What to produce ->
Below are the records; give again exactly the lines from the one containing "AMIRA - Bolígrafo" through the one containing "The industrial-looking Cybertruck", leaving out pictures.

Supplied data ->
--------------------

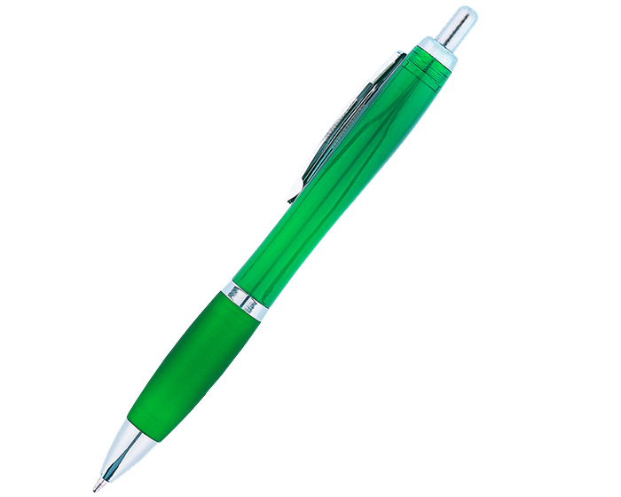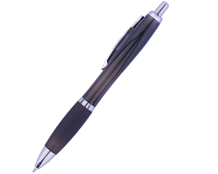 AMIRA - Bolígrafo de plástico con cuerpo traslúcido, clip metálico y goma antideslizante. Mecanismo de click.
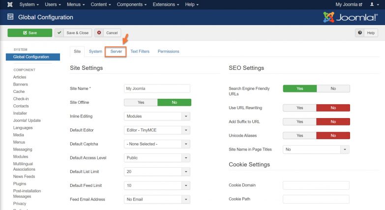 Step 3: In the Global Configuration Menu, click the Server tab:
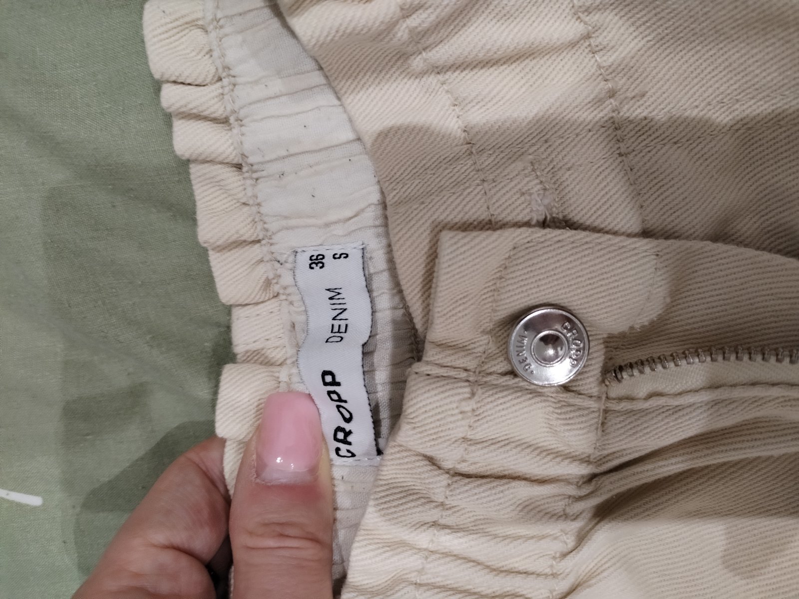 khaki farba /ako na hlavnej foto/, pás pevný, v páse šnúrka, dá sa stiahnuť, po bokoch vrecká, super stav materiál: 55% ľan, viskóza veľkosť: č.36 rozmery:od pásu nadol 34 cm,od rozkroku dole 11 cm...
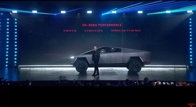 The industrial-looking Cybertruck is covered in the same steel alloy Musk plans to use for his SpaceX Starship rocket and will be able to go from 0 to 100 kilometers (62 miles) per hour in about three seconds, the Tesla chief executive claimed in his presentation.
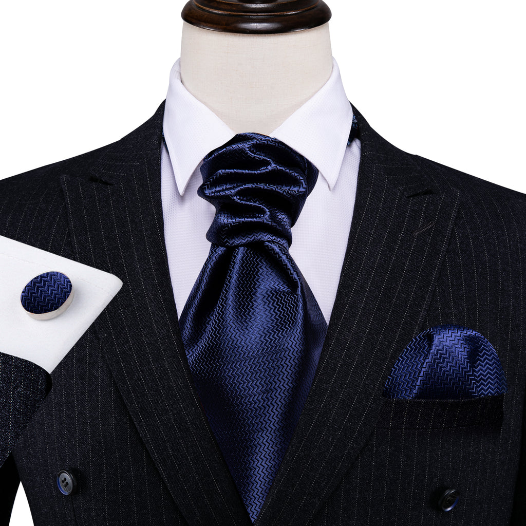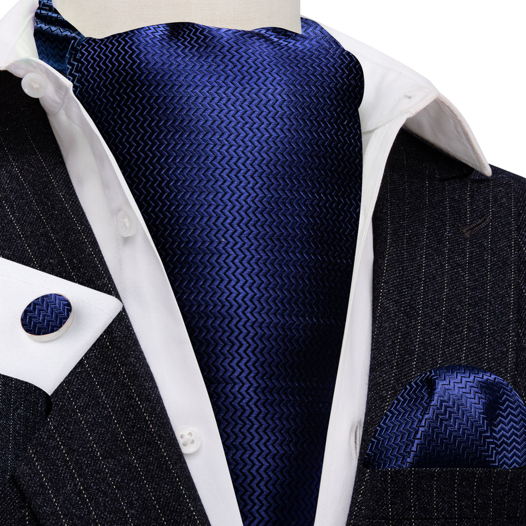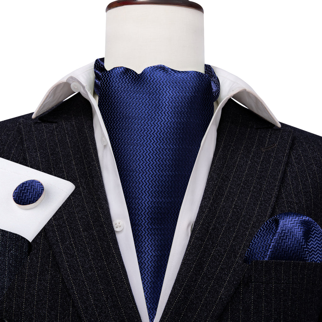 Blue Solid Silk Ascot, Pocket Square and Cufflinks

--------------------

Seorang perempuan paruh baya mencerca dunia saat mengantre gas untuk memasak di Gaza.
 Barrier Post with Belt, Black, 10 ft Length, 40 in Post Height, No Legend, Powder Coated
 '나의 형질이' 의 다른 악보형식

--------------------

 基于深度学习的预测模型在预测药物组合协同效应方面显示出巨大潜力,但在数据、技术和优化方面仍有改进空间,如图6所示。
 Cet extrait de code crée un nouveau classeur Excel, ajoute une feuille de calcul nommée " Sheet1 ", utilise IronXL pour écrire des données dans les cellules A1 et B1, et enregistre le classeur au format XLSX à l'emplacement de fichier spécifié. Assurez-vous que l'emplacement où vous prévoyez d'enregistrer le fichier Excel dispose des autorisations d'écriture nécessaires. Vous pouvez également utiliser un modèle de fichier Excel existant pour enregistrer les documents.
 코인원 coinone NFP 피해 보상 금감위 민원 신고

--------------------

Solution for this task ->
 AMIRA - Bolígrafo de plástico con cuerpo traslúcido, clip metálico y goma antideslizante. Mecanismo de click.
 Step 3: In the Global Configuration Menu, click the Server tab:
 khaki farba /ako na hlavnej foto/, pás pevný, v páse šnúrka, dá sa stiahnuť, po bokoch vrecká, super stav materiál: 55% ľan, viskóza veľkosť: č.36 rozmery:od pásu nadol 34 cm,od rozkroku dole 11 cm...
 The industrial-looking Cybertruck is covered in the same steel alloy Musk plans to use for his SpaceX Starship rocket and will be able to go from 0 to 100 kilometers (62 miles) per hour in about three seconds, the Tesla chief executive claimed in his presentation.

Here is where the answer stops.